Why Your Network Isn’t Working
The professionals who get referred aren’t networking harder. They’re positioned more clearly.
Most networking advice starts with tactics. Go to more events. Send more follow-up emails. Reconnect with dormant contacts. Be more visible.
None of that addresses the actual problem.
The actual problem is that your network doesn’t know what to do with you. Not because they don’t like you or don’t want to help. Because you haven’t given them a clear enough picture of what you’re building toward that they could connect you to the right thing even if they wanted to.
This is the difference between a network that works and one that doesn’t. It has very little to do with size or activity. It has almost everything to do with signal.

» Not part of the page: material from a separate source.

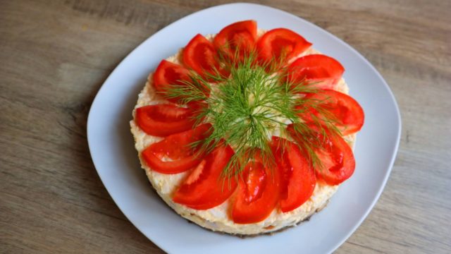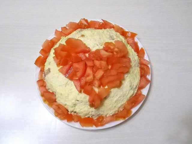 - Poté, co salát trochu stojí v chladničce, můžete začít zdobit. Rajčata jsou nakrájena na plátky a rozložena v náhodném pořadí: mohou zcela nebo částečně zakrýt povrch salátu.

When your positioning is clear -- when the people in your network understand specifically what you bring, what you’re building toward, and what kind of opportunity fits -- they become a referral engine without being asked. They forward your content. They mention your name when it’s relevant. They make introductions you didn’t know were possible.
When your positioning is unclear, the opposite happens. People want to help but don’t know how. They can’t forward you because they can’t summarize you. You end up having the same surface-level conversation over and over, starting from zero every time.
The fix isn’t more networking. It’s getting clear enough that the people who already know you can actually do something with that knowledge.
Here’s what I know to be true: the most referred professionals aren’t the most active networkers. They’re the most clearly positioned ones. Their network does the work because the signal is strong enough to carry.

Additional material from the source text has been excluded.